I'm supposed to prove this one using only the definition of a measurable function (I can use other results about measurable sets, though)
My Attempt:
Let $\{x_1,...,x_n\}$ be the discontinuities of $f$, and let $E=[a,b]-\{x_1,...,x_n\}$.
Let $g$ denote the restriction of $f$ to $E$, so that $g$ is continuous on its domain.
By definition of measurability, we need to show that $g^{-1}((c,\infty))$ is measurable $\forall c\in \mathbb{R}$.

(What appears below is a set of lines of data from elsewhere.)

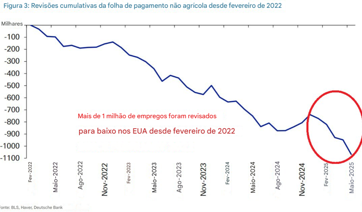• A Hemorragia Recente: Apenas nos meses de maio e junho de 2025, 280.000 empregos foram cortados dos números iniciais, a maior revisão negativa para um período de dois meses na história dos EUA.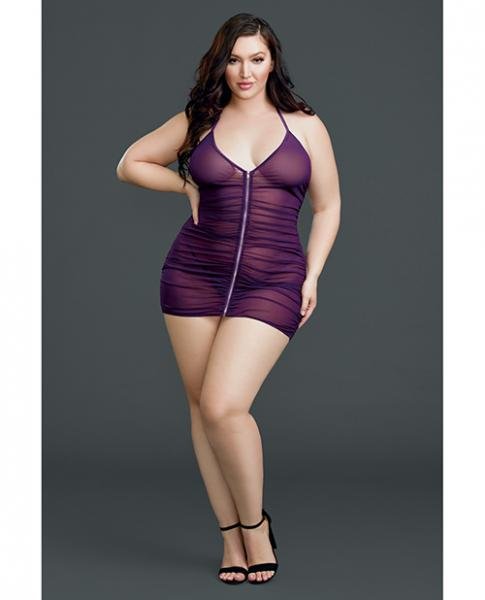 Ruched Sheer Front Zipper Chemise with G-String Panty from Dreamgirl International Red Diamond lingerie line. Color Plum Purple. Ladies plus sizes, one size queen. Sizes 16 to 20. Cups D/DD. Bust 40 inches to 54 inches. Waist 36 inches to 44 inches. Hips 42 inches to 56 inches. Weight 165 pounds to 275 pounds.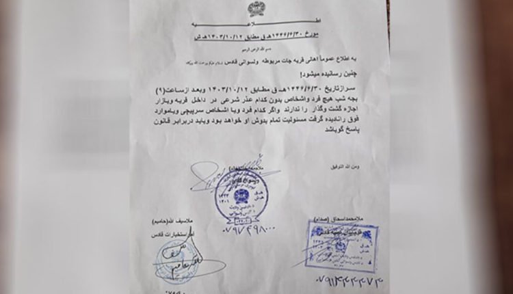 ولسوالی، فرماندهی امنیه و ادارهی استخبارات طالبان در ولسوالی قادس در یک اعلامیهای که دیروز (چهارشنبه، ۱۲ جدی) منتشر شده، گفتهاند باشندگان این ولسوالی «بدون عذر شرعی» نمیتوانند بعد از ساعت ۹:۰۰ شب در داخل روستاها و بازار گشتوگذار کنند.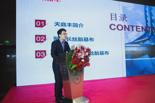 天鼎豐控股有限公司技術總監劉沖分享了《聚酯長絲胎基布生產技術》。他介紹到,天鼎豐創新性提出了高效聚酯紡粘針刺胎基布一步法連續生產技術路線,并研發了相關成套裝備,研制了一步法生產線數字控制系統(DCS)和生產線柔性化集成技術。與國內大部分兩步法生產線比較,聚酯紡粘針刺胎基布一步法生產技術具有連續生產穩定可靠、產品質量優秀、生產線自動化程度高、勞動用工少、生產效率高、生產成本低等特點。
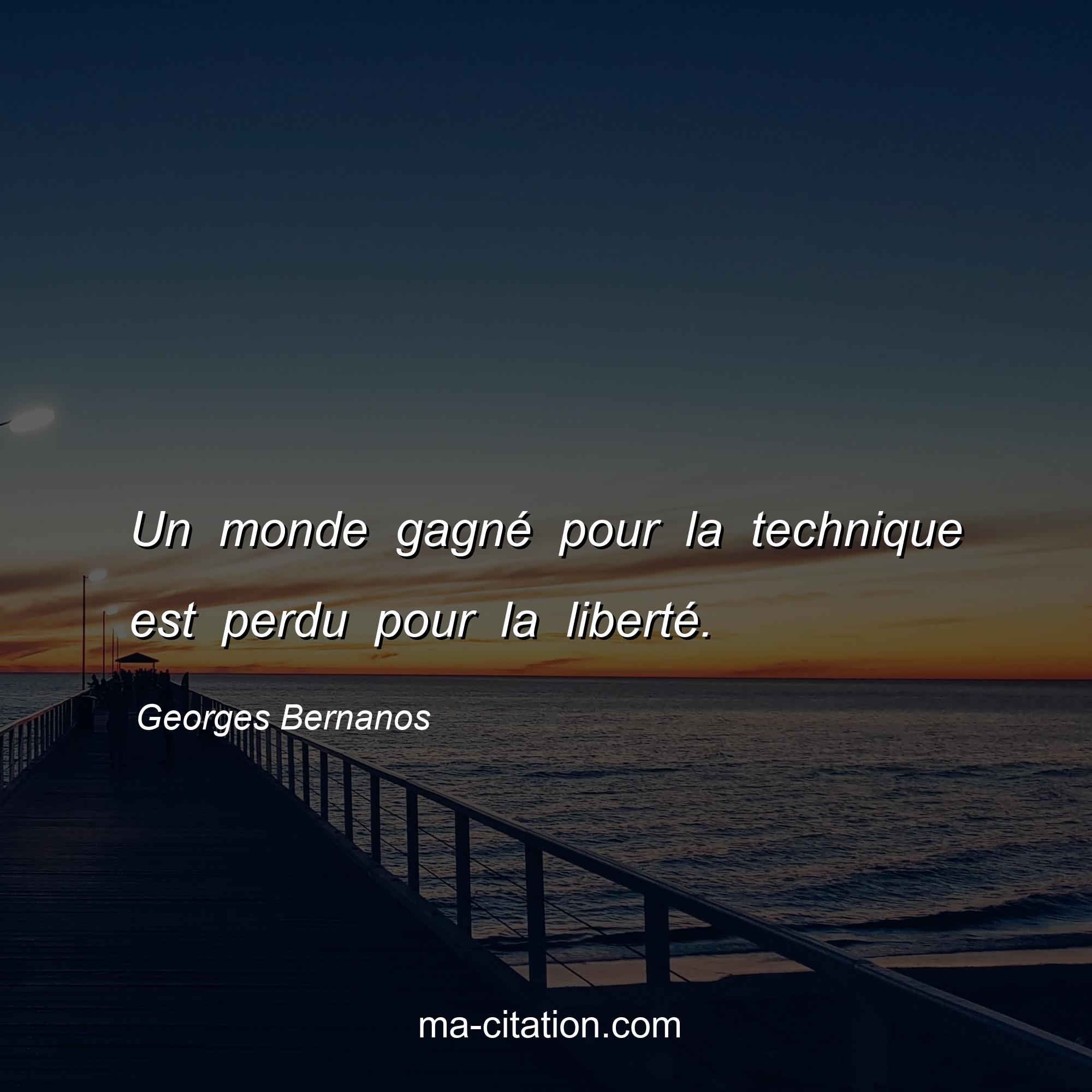 Citation sur la vie de Georges Bernanos :Un monde gagné pour la technique est perdu pour la liberté.

However, $g$ is continuous, and $(c,\infty)$ is open. Thus $g^{-1}((c,\infty))$ is open and thus is measurable.
If there is no $x_i$ such that $f(x_i)\in (c,\infty)$, then $f^{-1}((c,\infty)) = g^{-1}((c,\infty))$ is measurable.
Otherwise there are some $\{x_i,...,x_j\}$ such that $f(\{x_i,...,x_j\})\subseteq (c,\infty)$, and thus $f^{-1}((c,\infty)) = g^{-1}((c,\infty)) \cup \{x_i,...,x_j\}$. Since $\{x_i,...,x_j\}$ has measure zero, and $g^{-1}((c,\infty))$ is measurable, it follows that $f^{-1}((c,\infty))$ is measurable.
This seems fine to me, but one of my hypotheses is that $f$ is bounded, which didn't show up in this proof.
Any thoughts are greatly appreciated.
Thanks.